It is worth noting that although only one pair of vias 601 and 602 is shown here, the embodiment of the present invention may also include multiple pairs of vias that are electrically connected to the source structure 400 and the seed layer 220 at the same time. The drain structure 500 and the seed layer 220 (not shown). In other embodiments, the number of vias electrically connecting the source structure 400 and the seed layer 220 may be different from the number of vias electrically connecting the source structure 500 and the seed layer 220 (not shown).

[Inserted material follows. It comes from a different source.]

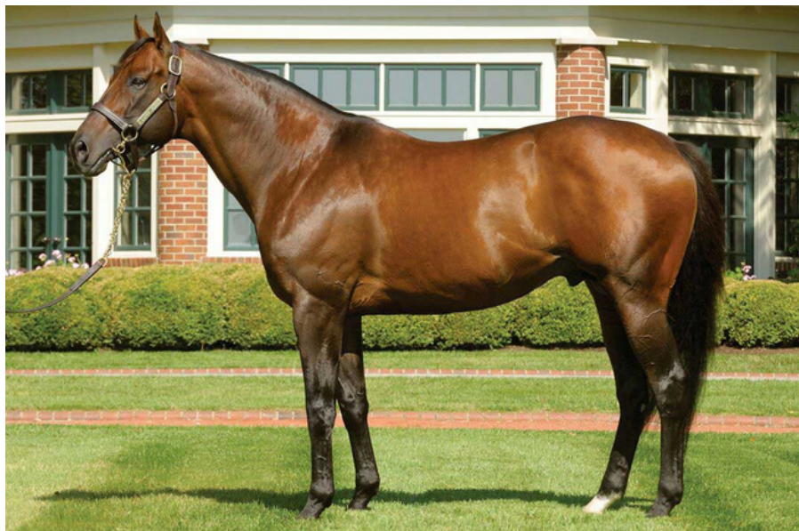
CANDY RIDE stood at Lane's End for $75,000 in 2022.

CAUGHT LOOKING is offered carrying her first foal this November. She is currently in foal on 1-cover (March 26th) to leading general sire CANDY RIDE .

According to some embodiments of the present invention, the semiconductor structure 100 shown in FIG. 1A may include a third dielectric layer 270 formed on the second dielectric layer 260, which covers the source metal layer 403 and the drain metal layer 503, and a metal layer 280 that is electrically connected to the source metal layer 403 and the drain metal layer 503 through the third dielectric layer 270. In some embodiments, the material of the third dielectric layer 270 may be selected from the aforementioned materials used to form the first dielectric layer 250 and the second dielectric layer 260, and the material and formation method of the metal layer 280 are substantially the same as the source The polar metal layer 403 and the drain metal layer 503 are not repeated here. It is worth noting that although the embodiment of the present invention only shows a single third dielectric layer 270 and a single metal layer 280, the embodiment of the present invention is not limited thereto. The number of film layers of the third dielectric layer 270 and the metal layer 280 can be adjusted according to product design.

According to some embodiments of the present invention, the semiconductor structure 100 shown in FIG. 1A may have various configurations in the top view, such as the semiconductor structures 100A, 100B shown in FIGS. 2A, 2B, and 2C. , And 100C. For example, the semiconductor structure 100 shown in FIG. 1A may correspond to the section AA′ shown in FIG. 2A, where the section AA′ does not pass through the opening 700 of the seed layer 220 . In other embodiments, the seed layer 220 of the semiconductor structure 100 shown in FIG. 1A may not have an opening (not shown).

FIG. 2A is a partial top view illustrating an exemplary semiconductor structure 100A according to some embodiments of the present invention. It is worth noting that in order to concisely describe the embodiments of the present invention and highlight its features, not all structures of the semiconductor structure 100A are shown in FIG. 2A. Referring to FIG. 2A, the semiconductor structure 100A includes an active region 201, an isolation region 202 surrounding the active region 201, a gate structure 300 formed in the active region 210, a source structure 400, and a drain structure 500 formed in the isolation region 202 The via holes 601 and 602 in FIG. 2 and the seed layer 220 having a plurality of openings 700 in the active area 201. In some embodiments, the opening 700 of the seed layer 220 may expose the insulating layer 210 under the seed layer 220. According to some embodiments of the present invention, in the top view, the openings 700 in the active area 201 may be arranged in a matrix, as shown in FIG. 2A. For example, the matrix may include five rows and five columns of aligned openings 700.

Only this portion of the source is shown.